Emeritus Professor, Division of Geriatric Medicine 
Gerontology Co-Director, Elder House Call Program JHBMC
John Hopkins University School of Medicine
 
Bio
Tom Finucane, is Emeritus Professor of Medicine at the Johns Hopkins University School of Medicine. Throughout his 3 decades there, he has seen patients with learners in the clinic, hospital, nursing home, rehabilitation center and chronic ventilator unit. He was chair of the hospital ethics committee at the Johns Hopkins Bayview Medical Center for 12 years. He continues to teach and write about the problems of overtreatment and undertreatment of frail older people. His special interests include urinary tract infection, aspiration pneumonia and tube feeding, nutrition support, type 2 diabetes mellitus, Alzheimer treatment, and more generally the dangers of aggressive pharmaceutical advertising.  He serves on the editorial board of the Journal of the American Geriatrics Society.
 

Adriane Fugh-Berman, MD

Professor, Department of Pharmacology and Physiology
Department of Family Medicine 
Georgetown University Medical Center
 
Bio
Dr. Fugh-Berman teaches courses on medicinal plants and evidence-based medicine at Georgetown University Medical Center. She directs PharmedOut, a GUMC project that advances evidence-based prescribing. Her research focuses on pharmaceutical marketing practices and the culture of medicine.
 

Stephen Lippman, MD, PhD

Endocrinologist and Molecular Biologist
 
Bio
Dr. Lippman worked most recently as an Endocrinologist in the Department of Veterans Affairs Northern California Health Care System and was a Clinical Assistant Professor of Medicine at the University of California, Davis School of Medicine.
 

Kofi Onumah, PharmD, RPh

Pharmacist Inspector, Pharmaceutical Control Division 
Director, The DC Center for Rational Prescribing 
District of Columbia Department of Health
 
Bio
Dr. Onumah serves as a Pharmacist Inspector with the District of Columbia Department of Health. Dr. Onumah also directs the DC Center for Rational Prescribing (DCRx). Dr. Onumah has practiced pharmacy in the pharmacy benefit management industry, as well as the community and long term care setting. Dr. Onumah has a genuine passion for evidence-based value add interventions that improve healthcare outcomes. Dr. Onumah also helped implement the District of Columbia Prescription Drug Monitoring Program.
 

Leonard Pogach, MD, MBA

National Director Medicine, Office of Specialty Care Services
Veterans Health Administration
 
Bio
Dr.
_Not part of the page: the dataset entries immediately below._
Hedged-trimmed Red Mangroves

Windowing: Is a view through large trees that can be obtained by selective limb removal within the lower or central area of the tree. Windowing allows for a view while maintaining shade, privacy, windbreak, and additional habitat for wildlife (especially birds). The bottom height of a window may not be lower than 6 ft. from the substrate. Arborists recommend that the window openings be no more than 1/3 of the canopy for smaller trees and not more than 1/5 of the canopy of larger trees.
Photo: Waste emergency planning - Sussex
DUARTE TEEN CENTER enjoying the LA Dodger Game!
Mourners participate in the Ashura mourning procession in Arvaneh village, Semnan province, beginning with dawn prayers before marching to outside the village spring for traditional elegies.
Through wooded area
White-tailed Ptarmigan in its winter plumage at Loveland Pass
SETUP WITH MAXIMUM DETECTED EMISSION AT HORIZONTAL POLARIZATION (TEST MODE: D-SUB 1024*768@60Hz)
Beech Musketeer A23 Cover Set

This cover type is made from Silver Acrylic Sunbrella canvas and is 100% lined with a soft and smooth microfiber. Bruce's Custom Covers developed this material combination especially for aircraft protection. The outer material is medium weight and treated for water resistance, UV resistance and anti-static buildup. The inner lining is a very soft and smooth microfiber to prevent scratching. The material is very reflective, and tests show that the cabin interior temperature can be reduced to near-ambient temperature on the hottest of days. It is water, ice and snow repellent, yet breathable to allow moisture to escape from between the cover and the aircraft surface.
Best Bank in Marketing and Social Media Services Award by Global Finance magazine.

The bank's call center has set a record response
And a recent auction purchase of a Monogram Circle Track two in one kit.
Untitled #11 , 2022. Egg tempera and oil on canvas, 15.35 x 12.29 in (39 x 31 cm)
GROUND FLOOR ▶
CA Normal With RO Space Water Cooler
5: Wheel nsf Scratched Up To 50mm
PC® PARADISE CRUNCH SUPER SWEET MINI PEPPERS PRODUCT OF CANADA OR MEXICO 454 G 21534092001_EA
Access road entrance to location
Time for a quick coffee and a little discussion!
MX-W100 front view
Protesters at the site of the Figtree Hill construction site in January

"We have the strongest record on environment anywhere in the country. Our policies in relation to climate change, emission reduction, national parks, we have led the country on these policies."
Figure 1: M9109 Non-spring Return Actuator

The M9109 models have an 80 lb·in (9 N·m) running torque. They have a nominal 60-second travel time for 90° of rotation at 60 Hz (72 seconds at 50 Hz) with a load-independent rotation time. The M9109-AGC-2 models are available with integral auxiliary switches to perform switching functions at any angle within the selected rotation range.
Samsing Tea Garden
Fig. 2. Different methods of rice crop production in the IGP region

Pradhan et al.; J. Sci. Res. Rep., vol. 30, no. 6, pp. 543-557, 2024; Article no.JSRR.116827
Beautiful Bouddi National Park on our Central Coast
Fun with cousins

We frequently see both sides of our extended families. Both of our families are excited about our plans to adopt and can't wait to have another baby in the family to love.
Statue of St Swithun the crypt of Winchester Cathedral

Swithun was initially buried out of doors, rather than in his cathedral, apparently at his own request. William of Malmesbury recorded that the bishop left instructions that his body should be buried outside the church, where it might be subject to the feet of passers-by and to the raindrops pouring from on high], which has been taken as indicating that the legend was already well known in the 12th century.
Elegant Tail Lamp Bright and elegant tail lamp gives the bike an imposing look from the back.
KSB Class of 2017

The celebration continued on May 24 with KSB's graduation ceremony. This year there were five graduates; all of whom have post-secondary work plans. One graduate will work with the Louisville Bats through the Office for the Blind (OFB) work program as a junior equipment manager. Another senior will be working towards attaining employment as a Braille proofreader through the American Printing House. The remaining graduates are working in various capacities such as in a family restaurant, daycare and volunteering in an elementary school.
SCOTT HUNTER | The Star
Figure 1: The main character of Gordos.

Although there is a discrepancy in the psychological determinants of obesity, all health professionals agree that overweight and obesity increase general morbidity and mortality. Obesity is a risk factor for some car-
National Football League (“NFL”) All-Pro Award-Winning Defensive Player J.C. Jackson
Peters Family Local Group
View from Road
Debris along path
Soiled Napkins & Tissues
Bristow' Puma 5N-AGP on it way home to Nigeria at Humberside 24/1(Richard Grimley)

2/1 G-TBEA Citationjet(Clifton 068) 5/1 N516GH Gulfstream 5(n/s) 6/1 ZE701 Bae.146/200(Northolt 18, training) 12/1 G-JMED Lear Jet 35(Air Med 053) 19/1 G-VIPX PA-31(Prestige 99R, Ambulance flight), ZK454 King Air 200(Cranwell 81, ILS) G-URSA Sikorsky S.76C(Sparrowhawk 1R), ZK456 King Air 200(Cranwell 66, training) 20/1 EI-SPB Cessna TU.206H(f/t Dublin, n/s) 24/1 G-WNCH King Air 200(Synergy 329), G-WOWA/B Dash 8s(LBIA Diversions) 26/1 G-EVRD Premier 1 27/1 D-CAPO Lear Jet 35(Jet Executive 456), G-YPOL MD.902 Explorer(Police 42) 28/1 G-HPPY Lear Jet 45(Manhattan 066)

Pogach has been the VA Co-lead of the VA/DoD Diabetes Guidelines since 1996. The 2017 Update was released in April 2017. He has also been the co-lead of the Federal Interagency Workgroup for the Department of Health and Human Services National Action Plan for Prevention of Adverse Drug Events-Diabetes Agent since its inception in 2012. He also has published extensively on methodology to improve upon existing “all-or-none” glycemic performance measures, and hypoglycemia as a public health issue among older adults. He has also served as an external Technical Advisor to AHRQ Evidence Reviews on Diabetes Medication. His passion is Shared Decision Making for persons with diabetes, medication safety, and de-intensification of unnecessary anti-glycemic management.
 

Caroline Trapp, DNP, ANP-BC, CDE, FAANP

Director of Diabetes Education and Care
Physicians Committee for Responsible Medicine
 
Bio
Dr. Trapp is the director of diabetes education and care at the Physicians Committee for Responsible Medicine (PCRM). She is a doctorally-prepared nurse practitioner with an internal medicine practice in Farmington Hills, Michigan, where she has specialized in the care of people with diabetes for more than 20 years. She is also an adjunct faculty member at the University of Michigan, and a fellow of the American Association of Nurse Practitioners. Dr. Trapp has found no intervention as powerful in the prevention and reversal of type 2 diabetes as a high-fiber, nutrient-dense, whole-foods, plant based dietary pattern. She has found this to be true from remote parts of the Navajo Nation in AZ, to urban areas of Detroit, MI. She encourages her colleagues and students to learn all they can about plants over pills to promote health.
 

Susan F. Wood, PhD

Professor, Department of Health Policy and Management
Director, Jacobs Institute of Women's Health 
The George Washington University Milken Institute School of Public Health
 
Bio
Dr. Wood's research focuses on women’s health and the use of scientific knowledge in public policy. She teaches courses in health policy and in women’s health at the GWU Milken Institute School of Public Health. She previously was Assistant Commissioner for Women's Health at the U.S. Food and Drug Administration (FDA), and directed the FDA Office of Women's Health from 2000 - 2005. Prior to the FDA, Dr. Wood was the Director of Policy and Program Development at the U.S. Department of Health and Human Services' Office on Women's Health.

Faculty Disclosures

 
In accordance with the Accreditation Council for Continuing Medical Education’s Standards for Commercial Support, The George Washington University Office of CEHP requires that all individuals involved in the development of activity content disclose their relevant financial relationships and that all conflicts of interest be identified, resolved, and communicated to learners prior to delivery of the activity.
 
The following planners, upon submission of a disclosure form, made no disclosures of commercial relationships:
  • Kofi Onumah, PharmD, RPh
  • Leonard Pogach, MD, MBA
  • Caroline Trapp, DNP, ANP-BC, FAANP
  • Susan F. Wood, PhD
The following planners, upon submission of a disclosure form, disclosed the following potential conflicts:
  • Dr. Tom Finucane is a member of the Pharmacy and Therapeutics Committee for Anthem Inc.
  • Dr. Adriane Fugh-Berman discloses that she is a paid expert witness at the request of plaintiffs in litigation regarding pharmaceutical marketing practices. She is also a subcontractor to George Washington School of Public Health.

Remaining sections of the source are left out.